◆ **TASK**: Leave out the pictures, and copy exactly the lines from the line with "[المؤمنون: ١ - ١١]." through the last line of the data below.

[Start of Attachment]

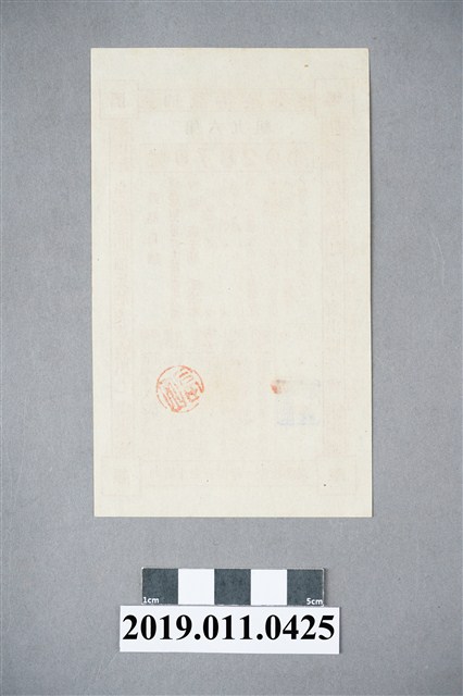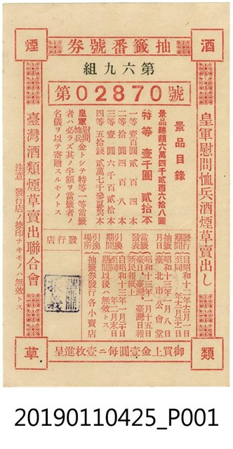 本文物為昭和12年(1937)臺灣酒類菸草賣出聯合會抽獎券,內容說明獎品目錄有特等壹仟圓、一等壹百圓、二等拾圓、三等壹圓、四等五拾錢,以及發行期間、抽籤月日、中籤發表、兌換時間及場所。
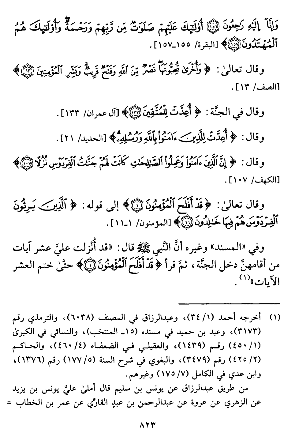 وقال تعالى: {قَدْ أَفْلَحَ الْمُؤْمِنُونَ (١ )} إلى قوله: {الَّذِينَ يَرِثُونَ الْفِرْدَوْسَ هُمْ فِيهَا خَالِدُونَ (١١) } [المؤمنون: ١ - ١١].
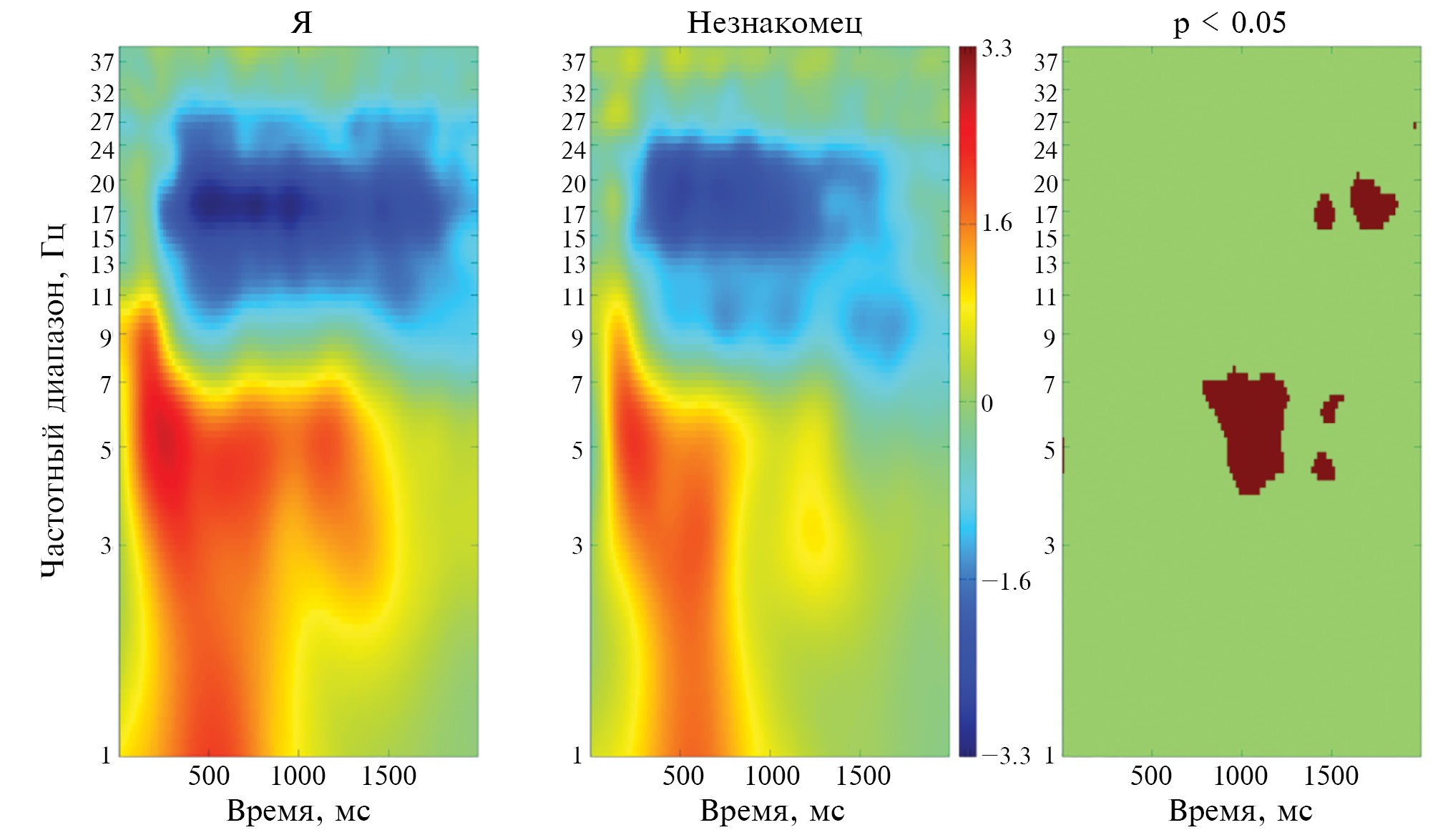 Рис. 1. Связанные с событием спектральные пертурбации (СССП) в частотно-временном разрешении в условии «Я» и условии «Незнакомец». Теплыми цветами показано увеличение спектральной мощности (синхронизация) по сравнению с фоновым интервалом, холодными цветами показано снижение (десинхронизация). Зеленым цветом показаны нулевые значения, где не происходило изменений в спектральной мощности. В правой части рисунка коричневым цветом показаны частотно-временные диапазоны статистически значимых различий между условиями «Я» vs «Незнакомец»
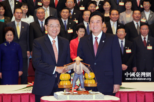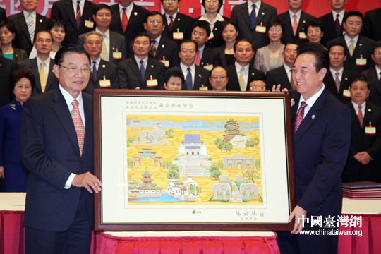 陳云林向江丙坤贈送一幅云錦。26日下午,在成功簽署《海峽兩岸空運補充協議》、《海峽兩岸金融合作協議》、《海峽兩岸共同打擊犯罪及司法互助協議》等三項協議后,陳云林與江丙坤互贈紀念品。(中國臺灣網 鐘寶華 攝)
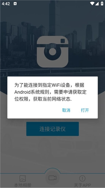 请依次打开手机的“设置-WiFi-选择和记录仪WiFi名字相同的WiFi连接”,连接成功后,再打开App。
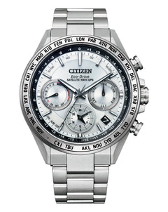 Read MoreRenowned for its innovative design and advanced technology, Attesa continues to set the standard in the evolution of reliable luxury timepieces. The F950 series, powered by cutting-edge Eco-Drive Satellite Wave GPS technology, distinguishes itself with the world's fastest time-only signal reception—achieved in just three seconds. Housed in a scratch-resistant silver Duratect Super Titanium™ case with a matching bracelet, this watch offers exceptional durability and everyday practicality. Key features include a sapphire crystal bezel, 39-city world time, a sophisticated silver three-register chronograph dial with silver-tone accents, dual time functionality, a perpetual calendar, light level indicator, charge suspension temperature detection, overcharge prevention, overdischarge detection, and water resistance up to 100 meters.
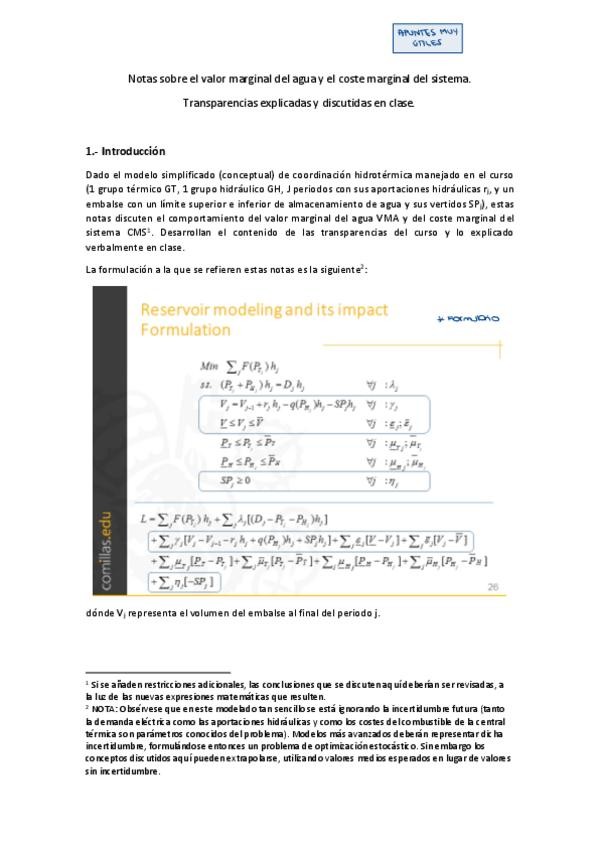 He publicado nuevos apuntes de 1º Explotación de los Sistemas de Energía Eléctrica : Notas-sobre-el-valor-marginal-del-agua-y-el-coste-marginal-del-sistema.pdf

[End of Attachment]

◆ **RESPONSE**:
 وقال تعالى: {قَدْ أَفْلَحَ الْمُؤْمِنُونَ (١ )} إلى قوله: {الَّذِينَ يَرِثُونَ الْفِرْدَوْسَ هُمْ فِيهَا خَالِدُونَ (١١) } [المؤمنون: ١ - ١١].
 Рис. 1. Связанные с событием спектральные пертурбации (СССП) в частотно-временном разрешении в условии «Я» и условии «Незнакомец». Теплыми цветами показано увеличение спектральной мощности (синхронизация) по сравнению с фоновым интервалом, холодными цветами показано снижение (десинхронизация). Зеленым цветом показаны нулевые значения, где не происходило изменений в спектральной мощности. В правой части рисунка коричневым цветом показаны частотно-временные диапазоны статистически значимых различий между условиями «Я» vs «Незнакомец»
 陳云林向江丙坤贈送一幅云錦。26日下午,在成功簽署《海峽兩岸空運補充協議》、《海峽兩岸金融合作協議》、《海峽兩岸共同打擊犯罪及司法互助協議》等三項協議后,陳云林與江丙坤互贈紀念品。(中國臺灣網 鐘寶華 攝)
 请依次打开手机的“设置-WiFi-选择和记录仪WiFi名字相同的WiFi连接”,连接成功后,再打开App。
 Read MoreRenowned for its innovative design and advanced technology, Attesa continues to set the standard in the evolution of reliable luxury timepieces. The F950 series, powered by cutting-edge Eco-Drive Satellite Wave GPS technology, distinguishes itself with the world's fastest time-only signal reception—achieved in just three seconds. Housed in a scratch-resistant silver Duratect Super Titanium™ case with a matching bracelet, this watch offers exceptional durability and everyday practicality. Key features include a sapphire crystal bezel, 39-city world time, a sophisticated silver three-register chronograph dial with silver-tone accents, dual time functionality, a perpetual calendar, light level indicator, charge suspension temperature detection, overcharge prevention, overdischarge detection, and water resistance up to 100 meters.
 He publicado nuevos apuntes de 1º Explotación de los Sistemas de Energía Eléctrica : Notas-sobre-el-valor-marginal-del-agua-y-el-coste-marginal-del-sistema.pdf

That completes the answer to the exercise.